Alors déjà, si on arrive à réduire par trois la quantité de bœuf, on enlève au moins 25 % des gaz à effet de serre de l'assiette. Après, dans un second temps, si on réduit les œufs, le lait, mais ça, on y arrivera pas, parce qu'on n'arrivera pas à rendre tout le monde végétarien en France, et c'est pas du tout l'objectif. Donc, en respectant le choix de chaque personne, je pense que la meilleure option pour l'instant pour diminuer, c'est de diminuer la consommation de viande rouge dans un premier temps. Et la viande rouge qu'on continue de consommer, qu'on l'achète française et pas dans des plats préparés qui viennent de l'extérieur de la France. Surtout dans des territoires donc on les nourrit essentiellement au fourrage, donc des territoires de qualité. Ça coûte plus cher. Il y a un moment, il faut peut-être se dire: est-ce que je veux un iPhone? Est-ce que je veux manger ou est-ce que je vais prendre un abonnement téléphonique ou d'autres abonnements Netflix? Il y a un moment, il faut aussi choisir. Est-ce qu'on peut pas manger mieux en achetant moins cher? Donc le consommateur a aussi le rôle d'acheter français pour pouvoir donner l'argent aux agriculteurs, aux instituts publics, pour faire une transition.

Donc la consommation que j'ai parlé de la viande rouge, il y a également des achats locaux dans les filières futures, c'est-à-dire de la pistache, de la nèfle, pour soutenir économiquement et le développement de ces filières-là. Et je terminerai sur [Musique] sur les protéines aussi. Les protéines végétales, on mange de moins en moins de protéines végétales. C'est plus du riz, des pâtes et de la viande. On oublie complètement les lentilles, le pois chiche.

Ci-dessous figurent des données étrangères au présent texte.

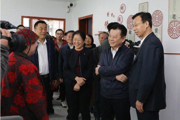 仪式结束后,于晓明一行来到槐荫区玉清湖街道新庞村幸福食堂,实地察看食堂的硬件设施,与准备就餐的老人们热情交谈,仔细询问老人的生活状态,了解食堂的饭菜质量,充分肯定幸福食堂开展的各项工作。还与食堂志愿者亲切交流,对她们的工作给予勉励。
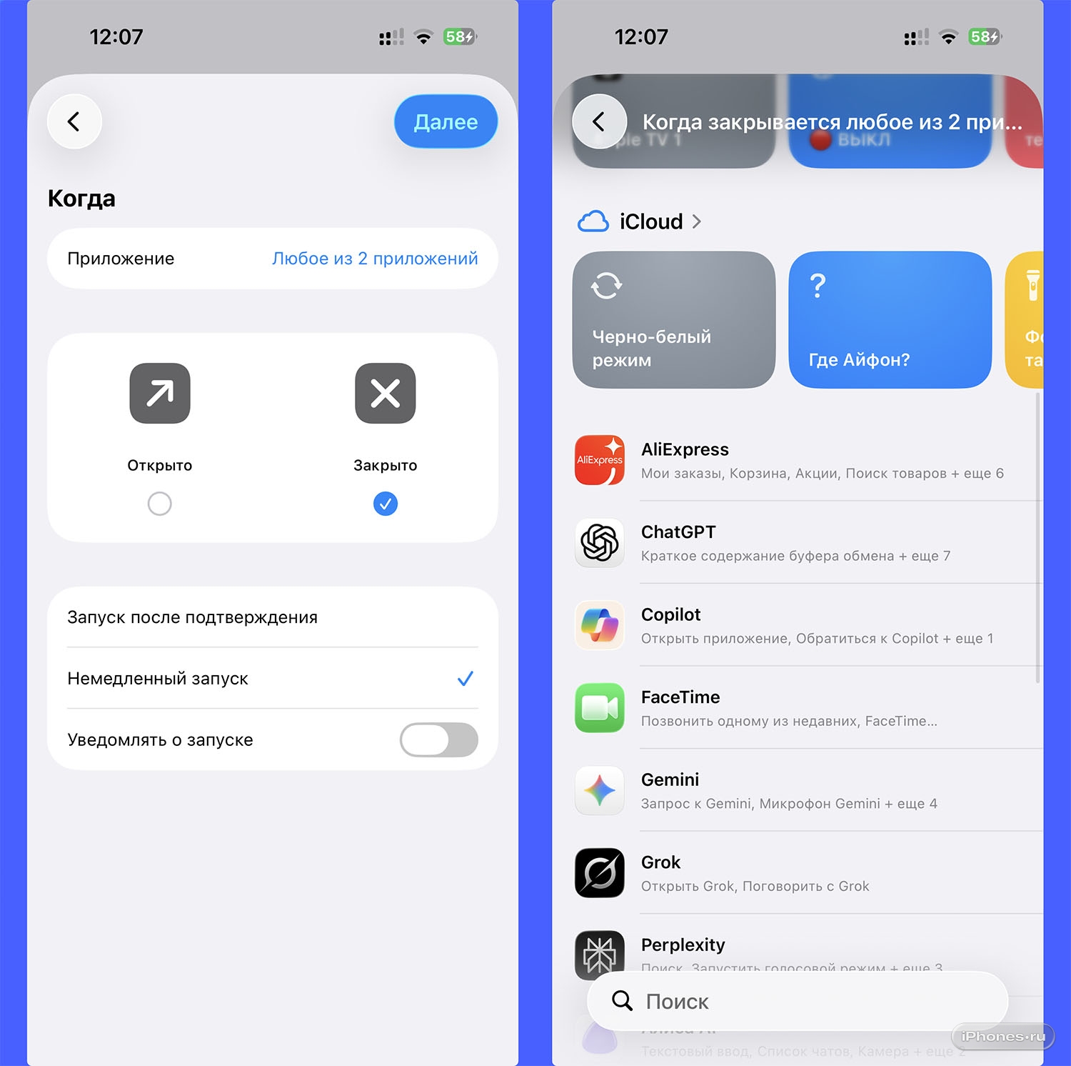 7. Создайте обратную автоматизацию. Условие Приложения, выберите те же программы, но отметьте опцию Закрыто.
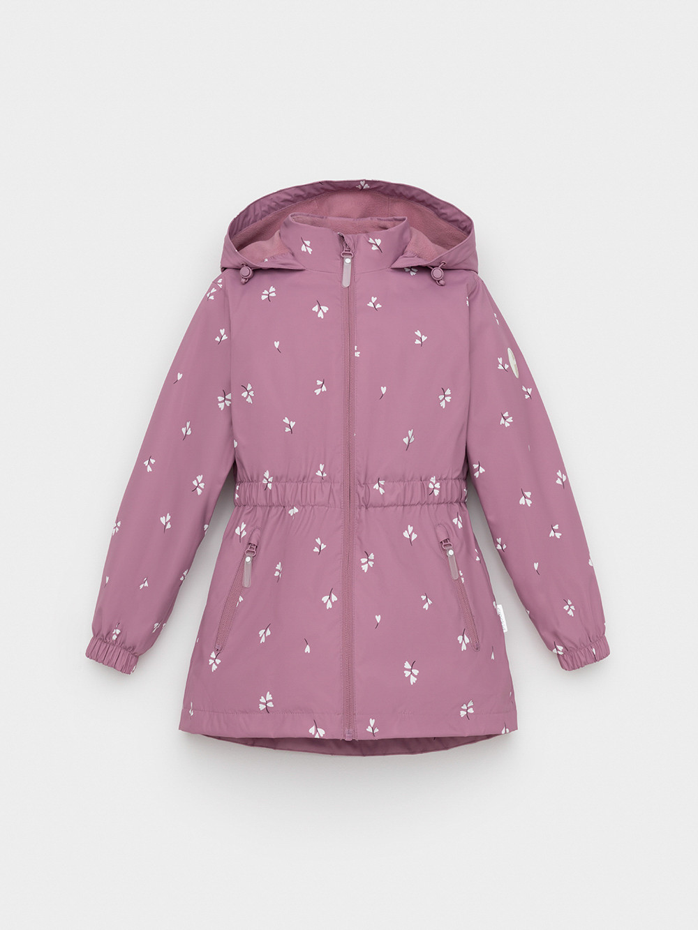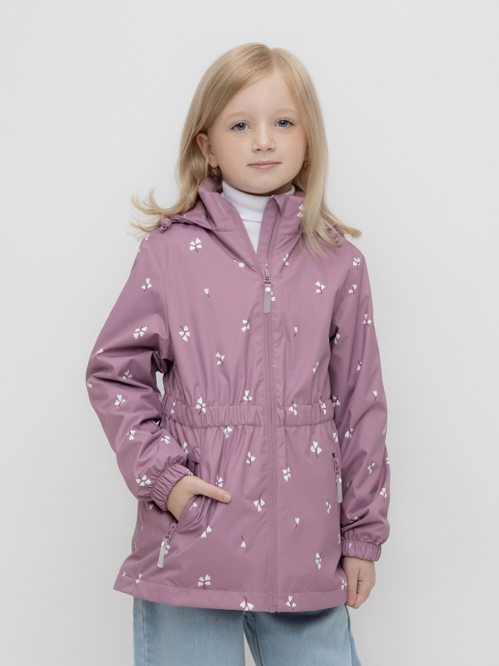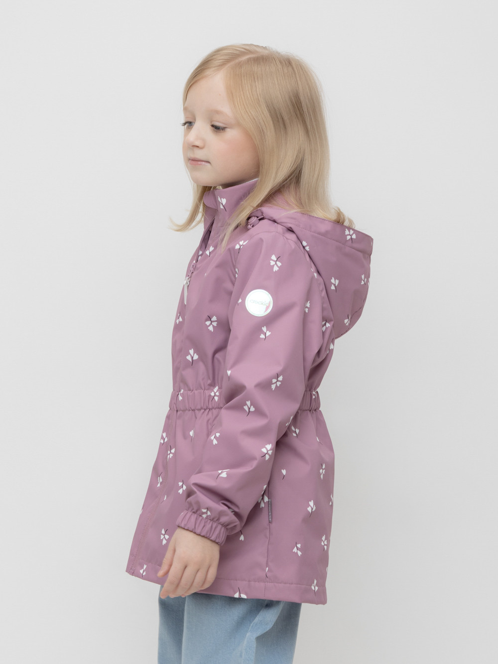 Ветровка для девочки из мембранной ткани с дополнительной тефлоновой обработкой. Верхняя мембранная ткань 1000/1000 с тефлоновым покрытием отталкивает воду и грязь и обладает «дышащими» свойствами. Подкладка выполнена из флиса, 100% полиэстер. У изделия предусмотрена защита подбородка. Несъемный капюшон регулируется с помощью эластичного шнура со стопперами. Низ рукавов и пояс изделия имеют эластичные резинки для лучшего прилегания. Во всех изделиях верхнего ассортимента для безопасности ребенка предусмотрены светоотражающие элементы.

Il faudra apprendre à cuisiner ces éléments, réapprendre à cuisiner, et apprendre à l'école à nos enfants à cuisiner. Puisque quand on apprend à cuisiner la matière première, et ben, on est plus respectueux de cette matière première, plus respectueux des agriculteurs. Réapprendre comment on produit cette matière première pour éviter de critiquer les agriculteurs dès qu'ils irriguent, alors qu'il en a besoin dans certains cas. Voilà, ça serait approprié. La nourriture, la matière première, c'est dans la génération Uber Eats, c'est contre-courant, mais c'est nécessaire pour comprendre ce que produisent nos agriculteurs, pour comprendre comment consommer. Donc réintroduire ces légumineuses, donc les pois chiches, les lentilles. Donc les pois chiches, c'est une culture d'avenir par rapport à la biogéographie. Les réintroduire à la place de protéines animales ou de pâtes et de riz. Notre agriculture française, notre gastronomie très riche, ne la simplifions pas avec des sushis, des kebabs et des tacos et des pizzas sur Uber Eats. Il n'y a que ça. Ne la simplifions pas, s'il vous plaît. Gardons la richesse. Si on la garde, si on achète français, nos territoires seront à même de pouvoir s'adapter au changement climatique. Par contre, si on achète que des plats préparés de l'extérieur de la France, je suis désolé, mais on aura plus les moyens de faire une transition agricole. Un grand merci d'être venu au micro du Green Motor Club. Avec plaisir. À bientôt.